> BRIEF
Reproduce the listing below from the line with "Описание: Блок распределительный" to the line with "Short and sharp", both lines included, character for character, minus any pictures.

> PROVIDED RECORDS
[Start of section]
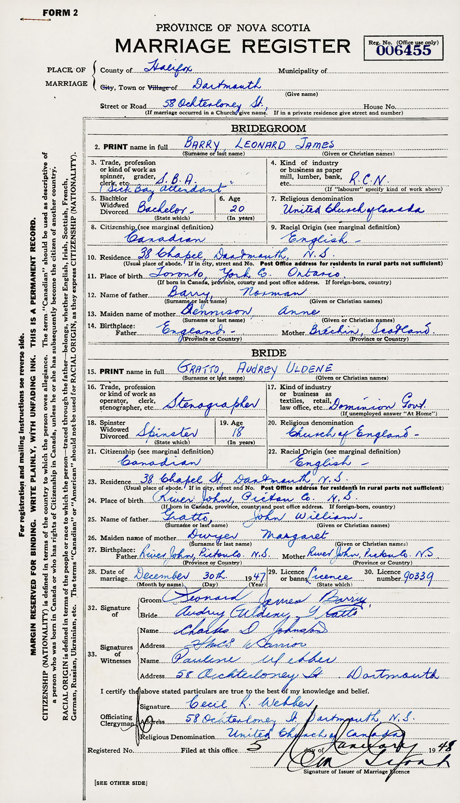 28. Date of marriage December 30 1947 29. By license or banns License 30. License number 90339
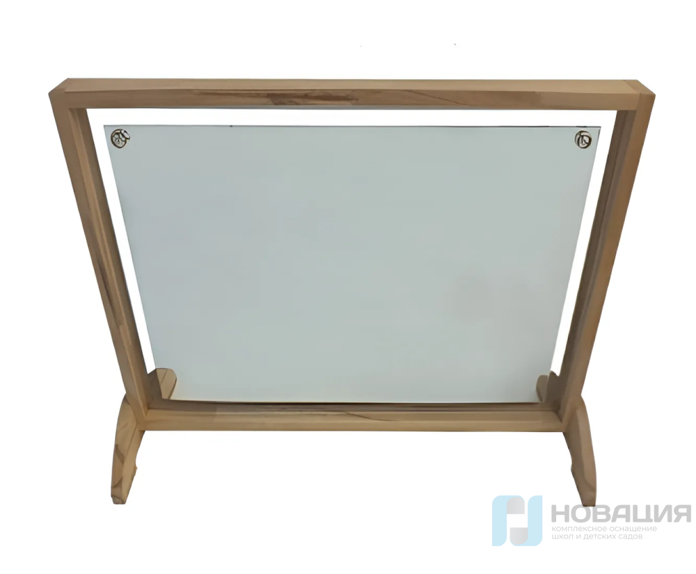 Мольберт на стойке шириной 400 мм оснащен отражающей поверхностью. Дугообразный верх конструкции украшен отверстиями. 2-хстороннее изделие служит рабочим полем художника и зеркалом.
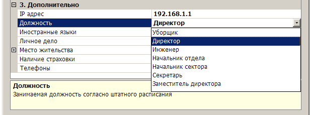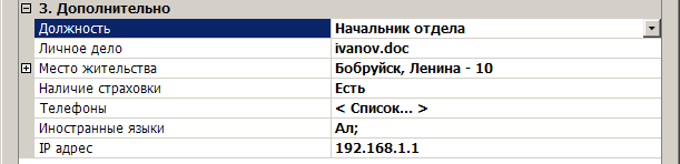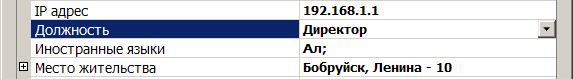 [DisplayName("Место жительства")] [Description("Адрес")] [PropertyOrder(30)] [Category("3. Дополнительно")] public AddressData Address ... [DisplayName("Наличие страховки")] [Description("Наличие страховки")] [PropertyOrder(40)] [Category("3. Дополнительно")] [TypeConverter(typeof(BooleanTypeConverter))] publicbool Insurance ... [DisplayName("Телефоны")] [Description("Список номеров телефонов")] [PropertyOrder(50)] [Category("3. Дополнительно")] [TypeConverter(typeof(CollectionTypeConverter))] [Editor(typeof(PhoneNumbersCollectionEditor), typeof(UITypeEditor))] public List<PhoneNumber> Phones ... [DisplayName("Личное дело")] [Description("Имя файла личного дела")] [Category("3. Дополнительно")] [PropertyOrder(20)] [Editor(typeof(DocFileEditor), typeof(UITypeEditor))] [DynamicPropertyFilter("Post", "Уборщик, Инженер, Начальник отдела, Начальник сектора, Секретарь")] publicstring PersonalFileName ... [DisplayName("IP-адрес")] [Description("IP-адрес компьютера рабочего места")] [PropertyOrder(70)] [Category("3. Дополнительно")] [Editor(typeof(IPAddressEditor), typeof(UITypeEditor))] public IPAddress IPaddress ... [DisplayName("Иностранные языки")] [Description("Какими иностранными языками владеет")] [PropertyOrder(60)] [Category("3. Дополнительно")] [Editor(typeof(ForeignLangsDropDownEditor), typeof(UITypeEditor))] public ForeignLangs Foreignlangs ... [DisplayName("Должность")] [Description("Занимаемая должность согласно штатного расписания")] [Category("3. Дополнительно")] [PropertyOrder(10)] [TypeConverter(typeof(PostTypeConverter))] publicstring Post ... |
[End of section]
[Start of section]
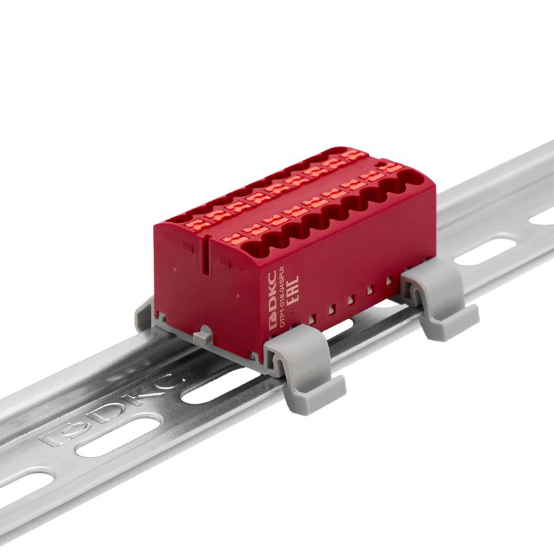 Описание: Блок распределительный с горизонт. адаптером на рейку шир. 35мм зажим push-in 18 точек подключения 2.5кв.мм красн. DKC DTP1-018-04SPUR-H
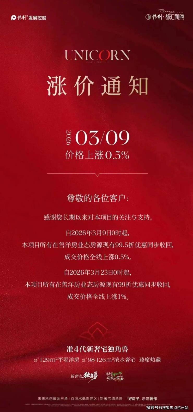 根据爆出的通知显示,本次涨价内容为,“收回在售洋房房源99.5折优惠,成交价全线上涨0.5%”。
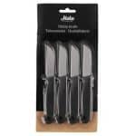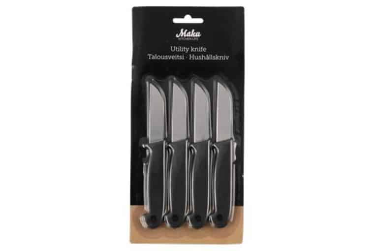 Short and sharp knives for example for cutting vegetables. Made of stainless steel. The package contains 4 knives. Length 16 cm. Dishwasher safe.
[End of section]
> RESPONSE AREA
 Описание: Блок распределительный с горизонт. адаптером на рейку шир. 35мм зажим push-in 18 точек подключения 2.5кв.мм красн. DKC DTP1-018-04SPUR-H
 根据爆出的通知显示,本次涨价内容为,“收回在售洋房房源99.5折优惠,成交价全线上涨0.5%”。
 Short and sharp knives for example for cutting vegetables. Made of stainless steel. The package contains 4 knives. Length 16 cm. Dishwasher safe.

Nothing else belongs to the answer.